[The input — start]

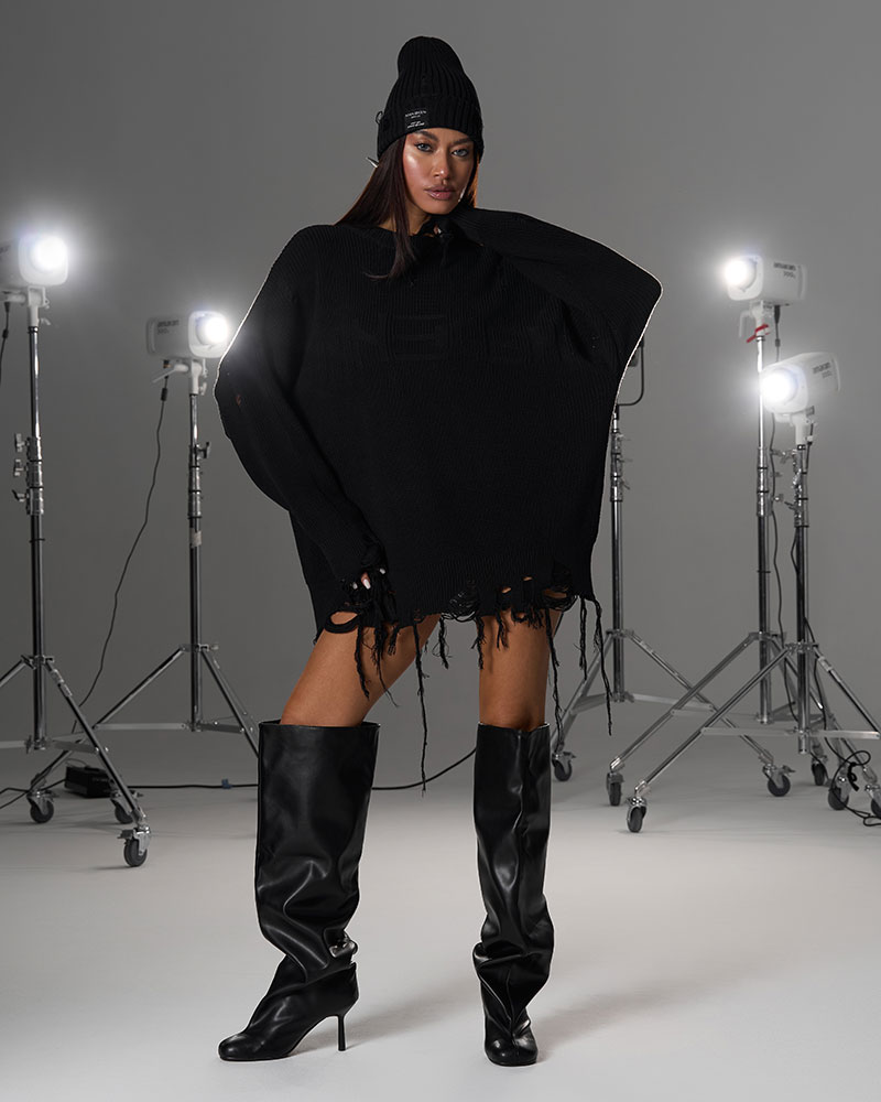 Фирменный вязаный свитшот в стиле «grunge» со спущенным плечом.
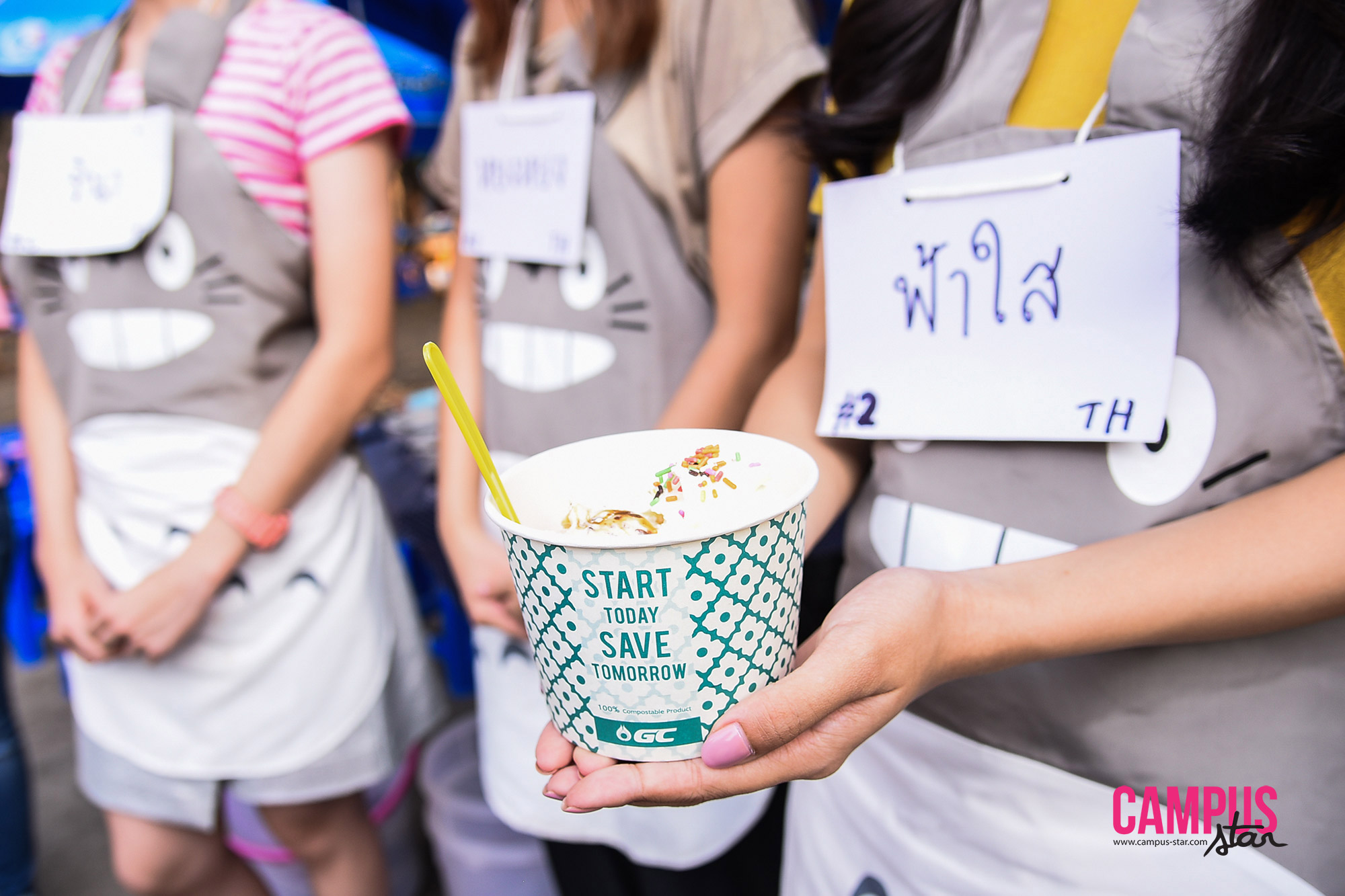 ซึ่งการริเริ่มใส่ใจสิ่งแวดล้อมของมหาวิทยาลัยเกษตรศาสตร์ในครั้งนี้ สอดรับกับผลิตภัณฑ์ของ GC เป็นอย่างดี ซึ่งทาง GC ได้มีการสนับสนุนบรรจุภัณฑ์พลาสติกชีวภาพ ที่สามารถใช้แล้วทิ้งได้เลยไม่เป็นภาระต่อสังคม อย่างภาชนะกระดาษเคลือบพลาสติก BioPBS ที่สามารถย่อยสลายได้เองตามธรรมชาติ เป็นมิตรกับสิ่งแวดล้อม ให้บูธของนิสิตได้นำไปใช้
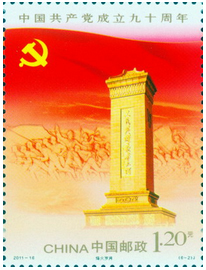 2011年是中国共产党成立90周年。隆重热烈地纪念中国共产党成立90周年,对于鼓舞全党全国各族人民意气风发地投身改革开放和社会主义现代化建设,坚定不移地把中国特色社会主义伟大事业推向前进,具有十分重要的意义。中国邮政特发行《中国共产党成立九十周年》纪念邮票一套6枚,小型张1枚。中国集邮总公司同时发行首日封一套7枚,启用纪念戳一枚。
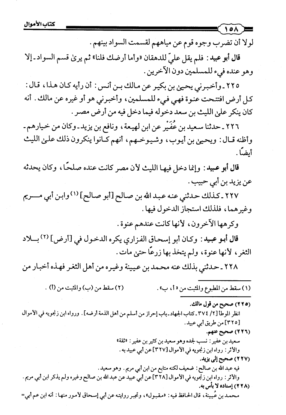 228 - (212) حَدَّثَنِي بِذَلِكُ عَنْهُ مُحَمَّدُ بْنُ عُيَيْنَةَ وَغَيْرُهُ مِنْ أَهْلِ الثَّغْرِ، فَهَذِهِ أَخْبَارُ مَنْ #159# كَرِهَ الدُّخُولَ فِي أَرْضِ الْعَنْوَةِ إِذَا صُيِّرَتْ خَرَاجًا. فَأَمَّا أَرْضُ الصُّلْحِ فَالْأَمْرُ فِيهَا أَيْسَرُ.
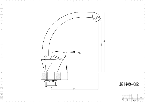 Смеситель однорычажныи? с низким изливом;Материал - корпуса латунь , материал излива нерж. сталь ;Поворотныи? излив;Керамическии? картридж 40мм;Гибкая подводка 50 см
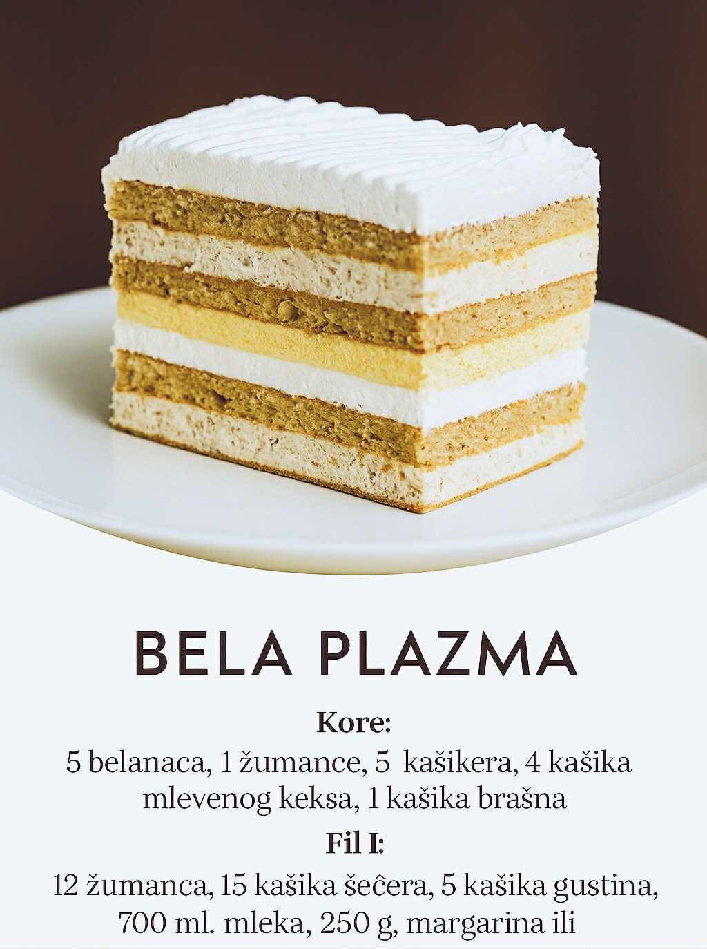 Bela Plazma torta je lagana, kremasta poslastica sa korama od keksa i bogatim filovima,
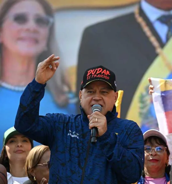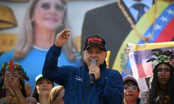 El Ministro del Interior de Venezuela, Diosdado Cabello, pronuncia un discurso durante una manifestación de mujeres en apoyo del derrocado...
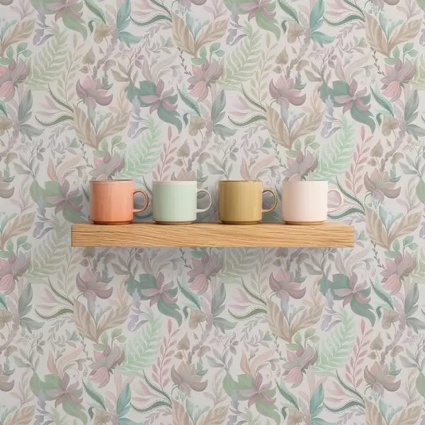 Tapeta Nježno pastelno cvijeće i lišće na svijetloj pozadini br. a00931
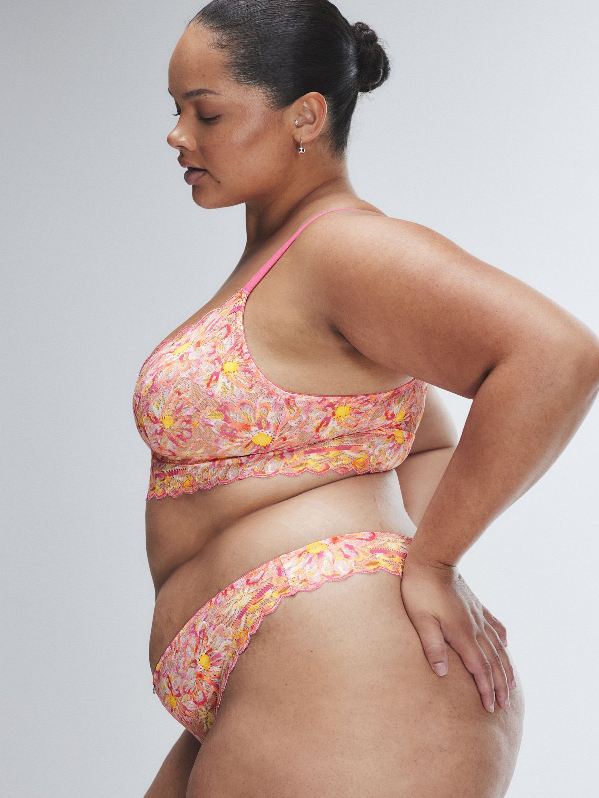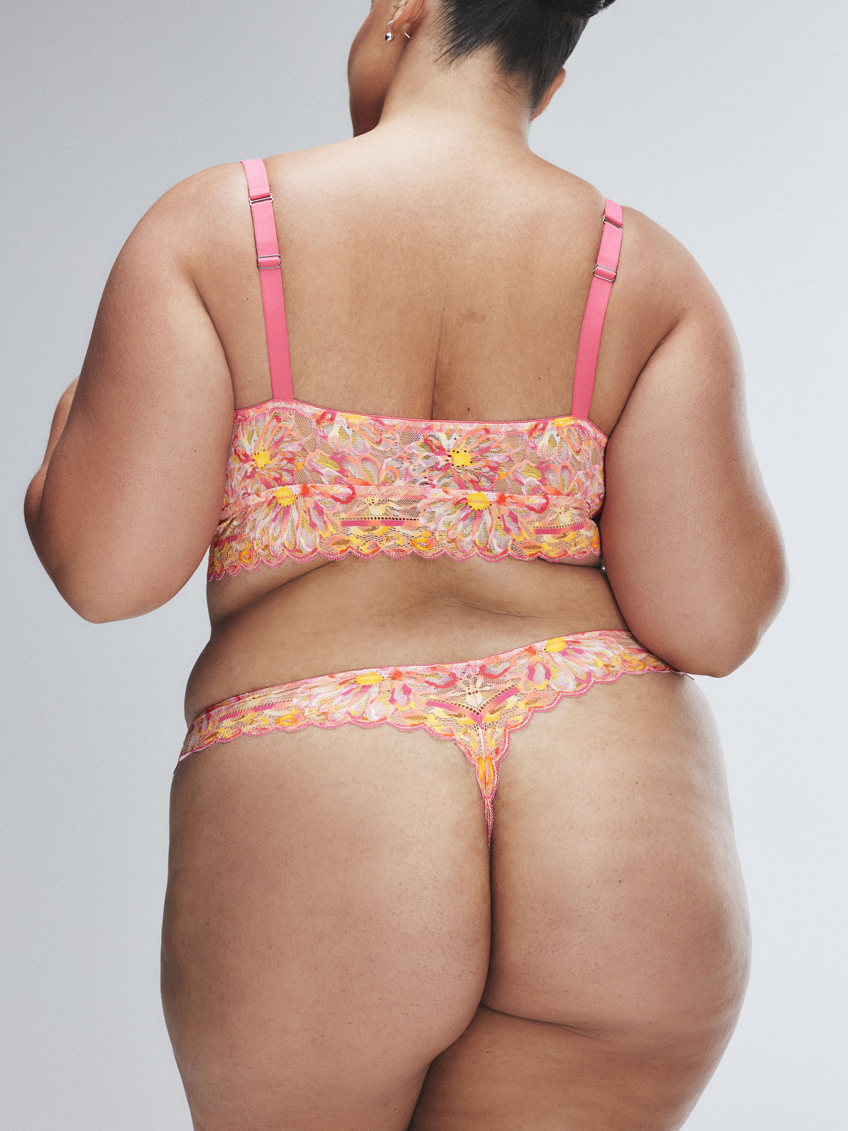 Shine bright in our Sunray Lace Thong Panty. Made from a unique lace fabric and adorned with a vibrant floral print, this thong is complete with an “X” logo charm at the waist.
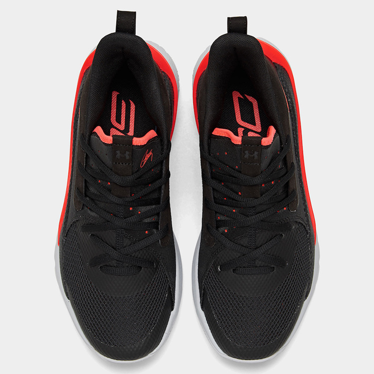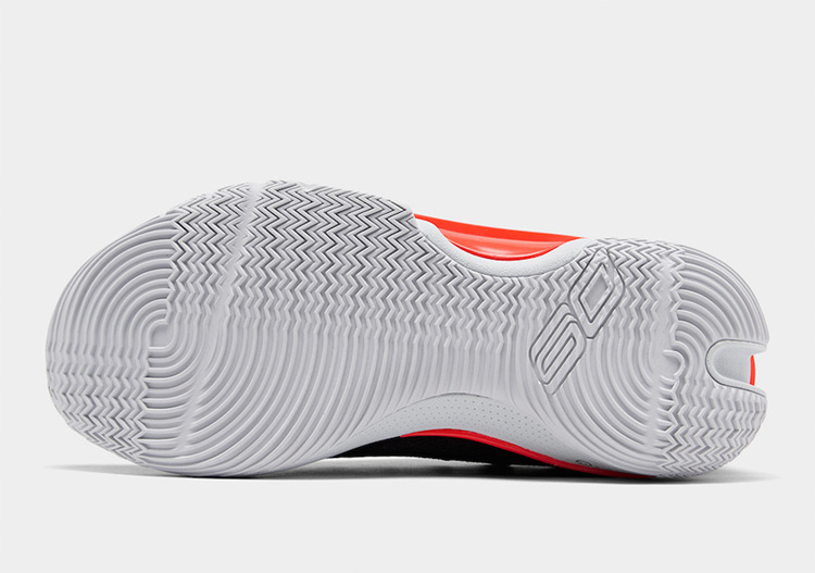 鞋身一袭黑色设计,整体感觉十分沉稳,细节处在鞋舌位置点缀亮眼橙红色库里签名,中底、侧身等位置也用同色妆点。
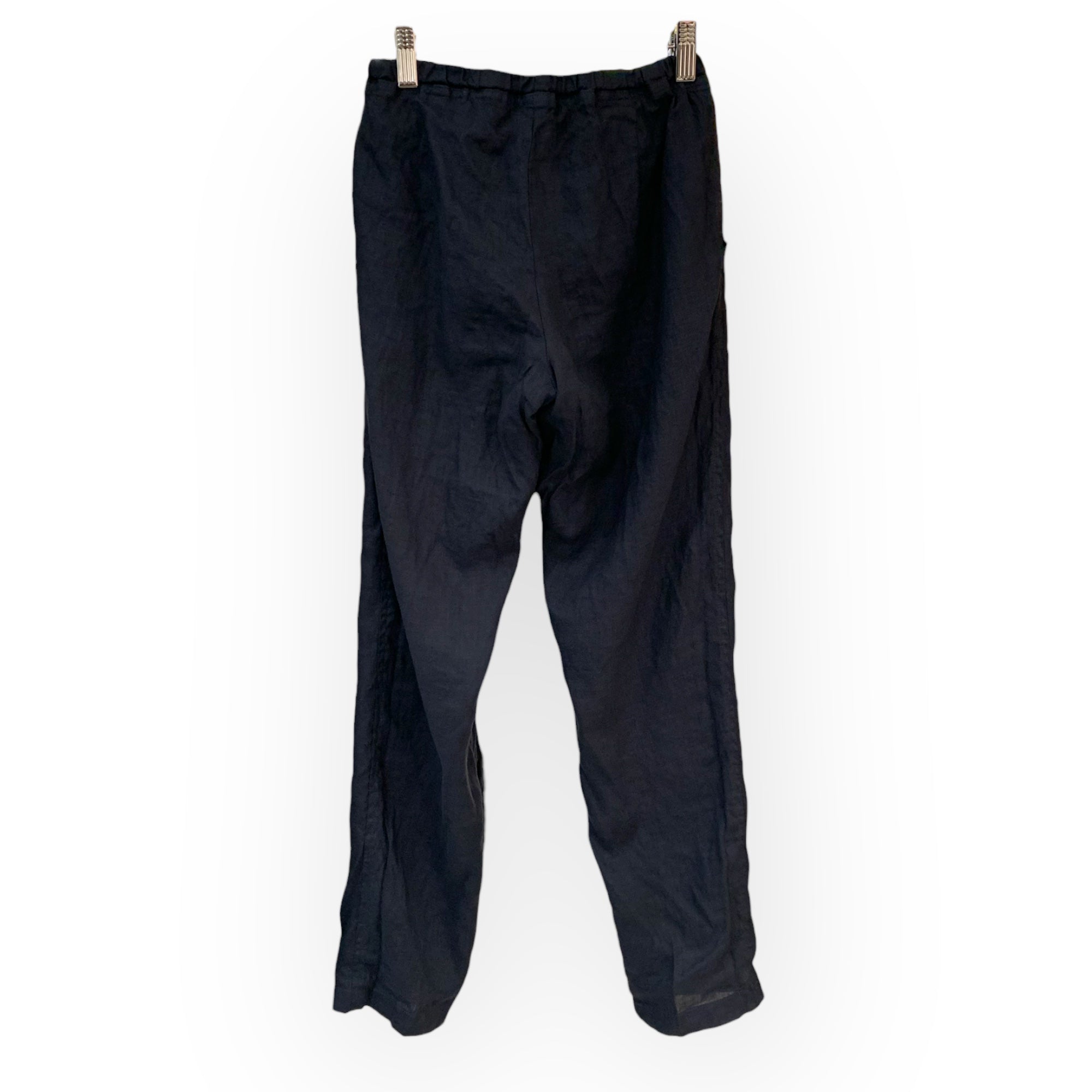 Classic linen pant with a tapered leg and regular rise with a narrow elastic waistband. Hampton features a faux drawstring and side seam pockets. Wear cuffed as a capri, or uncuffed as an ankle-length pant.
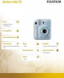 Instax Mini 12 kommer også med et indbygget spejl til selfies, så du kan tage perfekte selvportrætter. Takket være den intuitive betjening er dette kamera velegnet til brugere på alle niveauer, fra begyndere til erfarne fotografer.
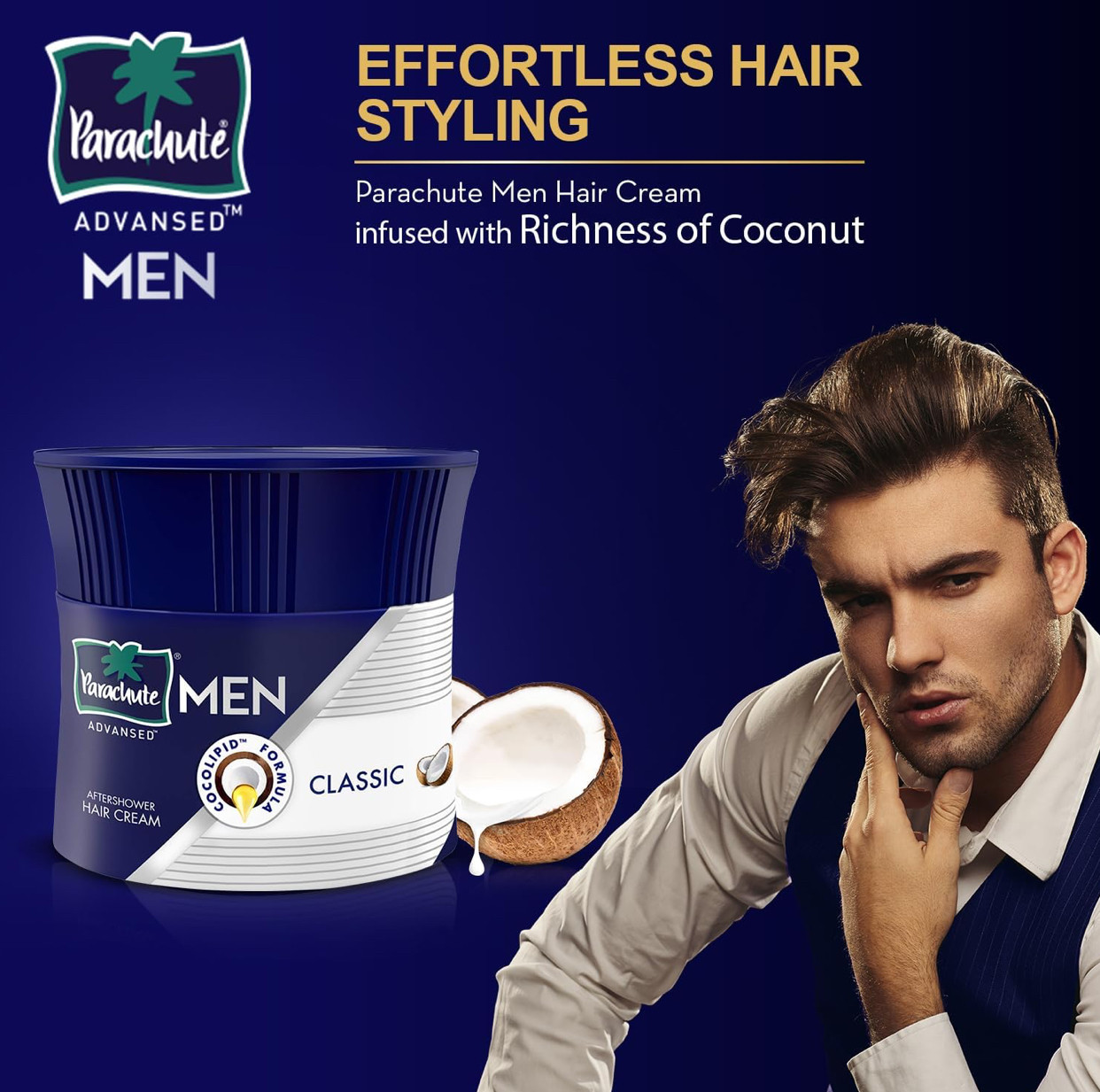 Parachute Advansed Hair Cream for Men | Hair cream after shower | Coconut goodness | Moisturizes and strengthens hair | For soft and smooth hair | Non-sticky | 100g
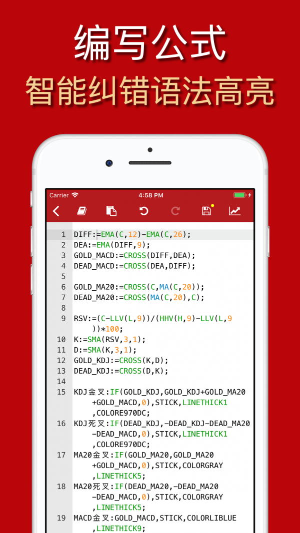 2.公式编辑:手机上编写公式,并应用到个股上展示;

[The input — finish]

**What you should do:**
The required output is a verbatim repetition of the lines from the opening of the entries above through the line containing "2011年是中国共产党成立9", inclusive, with no pictures and nothing else.

**Solution:**
 Фирменный вязаный свитшот в стиле «grunge» со спущенным плечом.
 ซึ่งการริเริ่มใส่ใจสิ่งแวดล้อมของมหาวิทยาลัยเกษตรศาสตร์ในครั้งนี้ สอดรับกับผลิตภัณฑ์ของ GC เป็นอย่างดี ซึ่งทาง GC ได้มีการสนับสนุนบรรจุภัณฑ์พลาสติกชีวภาพ ที่สามารถใช้แล้วทิ้งได้เลยไม่เป็นภาระต่อสังคม อย่างภาชนะกระดาษเคลือบพลาสติก BioPBS ที่สามารถย่อยสลายได้เองตามธรรมชาติ เป็นมิตรกับสิ่งแวดล้อม ให้บูธของนิสิตได้นำไปใช้
 2011年是中国共产党成立90周年。隆重热烈地纪念中国共产党成立90周年,对于鼓舞全党全国各族人民意气风发地投身改革开放和社会主义现代化建设,坚定不移地把中国特色社会主义伟大事业推向前进,具有十分重要的意义。中国邮政特发行《中国共产党成立九十周年》纪念邮票一套6枚,小型张1枚。中国集邮总公司同时发行首日封一套7枚,启用纪念戳一枚。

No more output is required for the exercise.